Gloves are not recommended (in these situations there is no handling of organic material or risk of exposure to blood):
- Transport clinical laboratory specimen in plastic bag or container.
- Use the telephone in the clinical laboratory, health center or hospital.
- Use computers in the clinical laboratory, health center or hospital.
- Perform motor physical therapy in a patient with intact skin.
- Wound treatments with the use of sterile forceps.
- Insertion of oxygen catheters.
- Change bedding not containing dirt.
- Handle patients with sweat skin.
- Handle vascular catheter connections (taps, connectors) without dirt or blood leakage. Closed system.
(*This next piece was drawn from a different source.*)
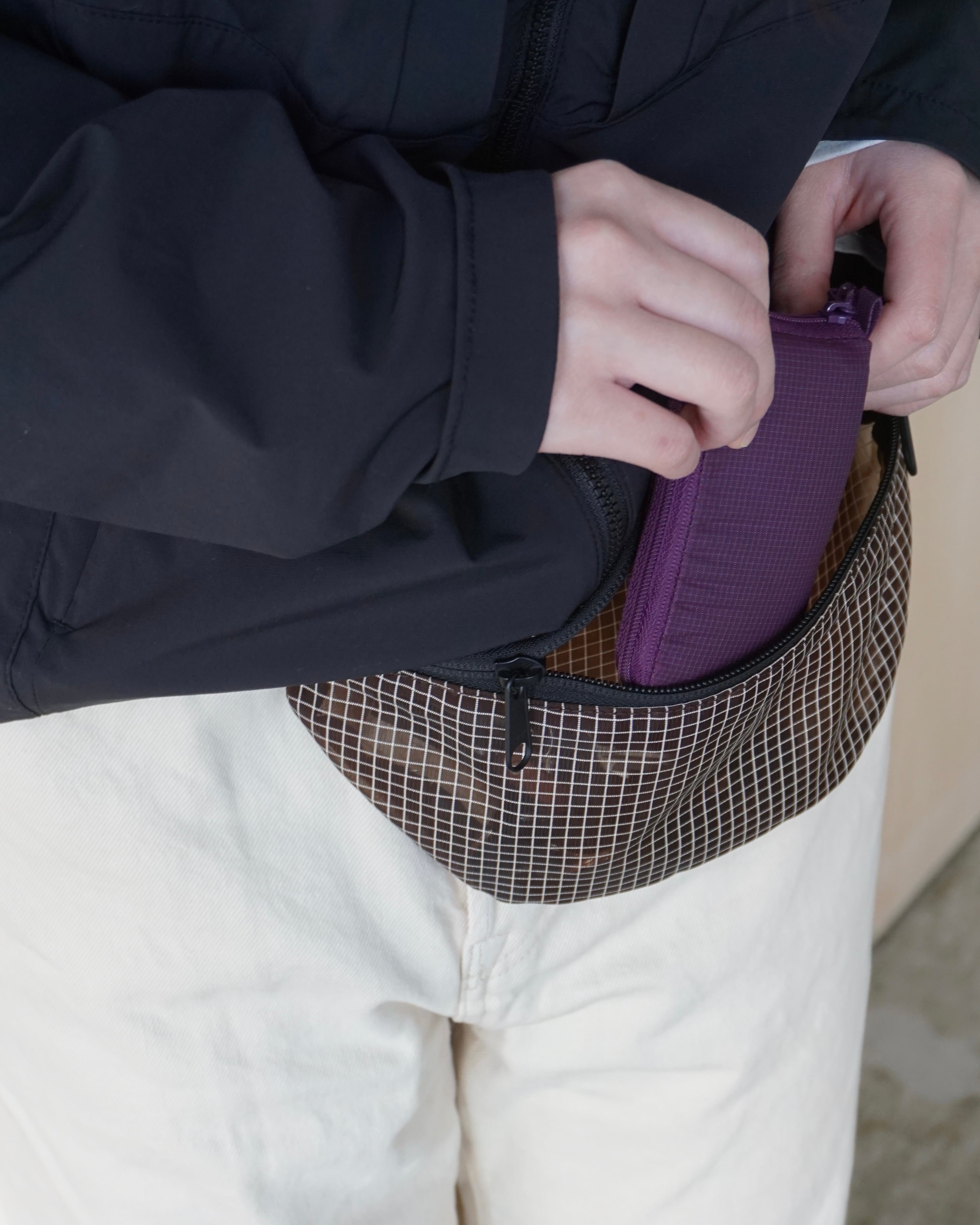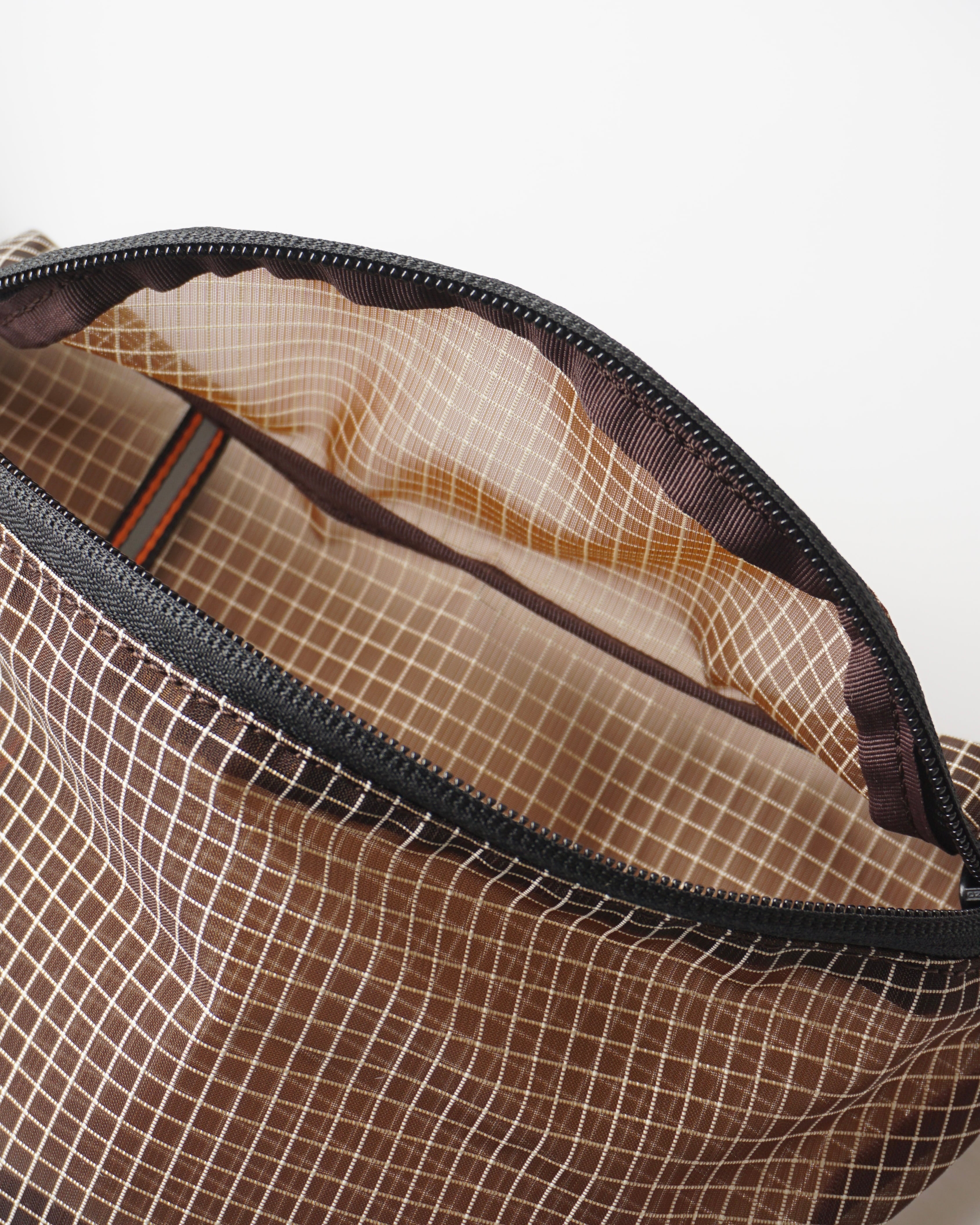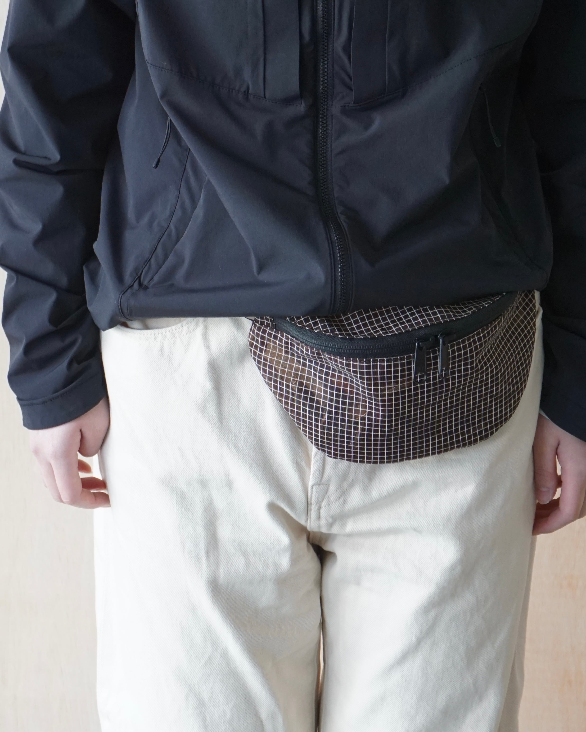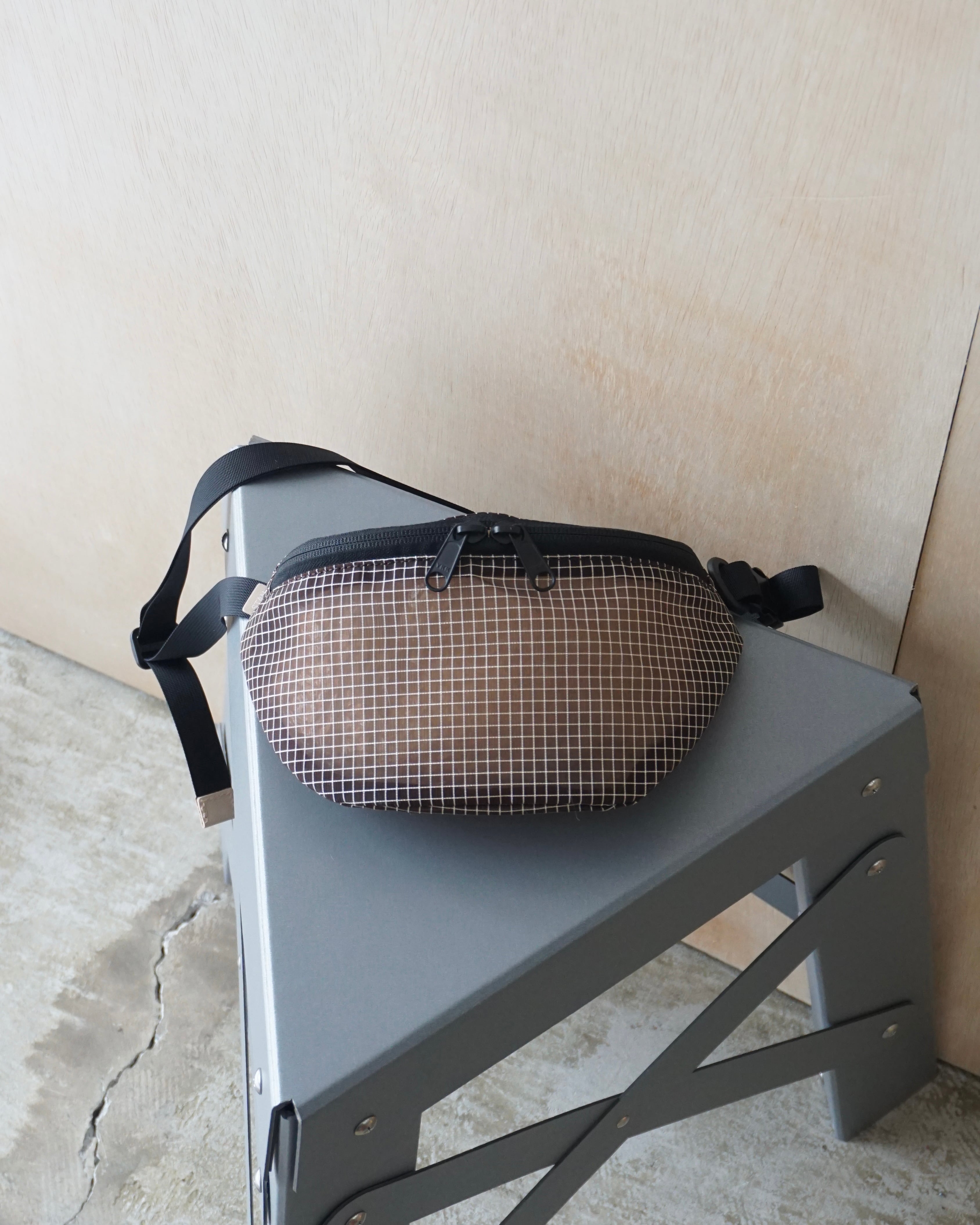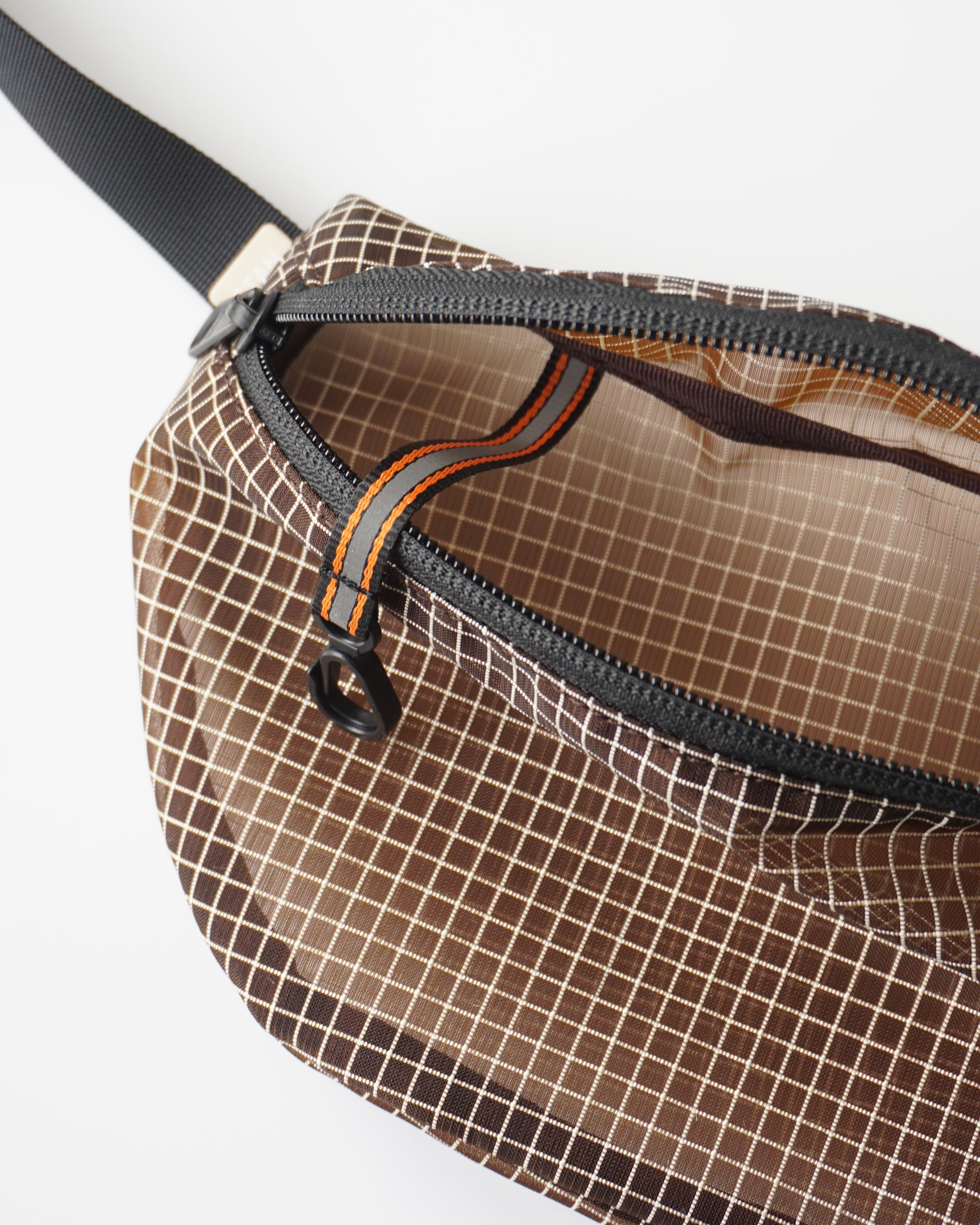 格子状に織り込んだメッシュ生地を使用したウエストバッグ

- Administer intravenous medication Closed system.
- Administer medication via the eye. There is no manipulation of organic material or contact with mucosa. When applying eye drops and ointments, the practitioner should not touch the eye mucosa with their hands or with the medicine bottles. If you do not have much experience the professional may wear gloves to avoid infecting the patient's eye.
- Transport patients under contact precautions. There is no evidence regarding the use of gloves after the patient leaves the room.
- Perform change of position in patient with intact skin.
- Administer subcutaneous medication. There is no risk of exposure to blood or organic matter.
- Administer intramuscular medication. There is no risk of exposure to blood or organic matter.
- Administer of intradermal medication. There is no risk of exposure to blood or organic matter.
- Delivery and removal of diet tray from patient's room
- Install diet, wash gastrostomy or nasoenteral tube.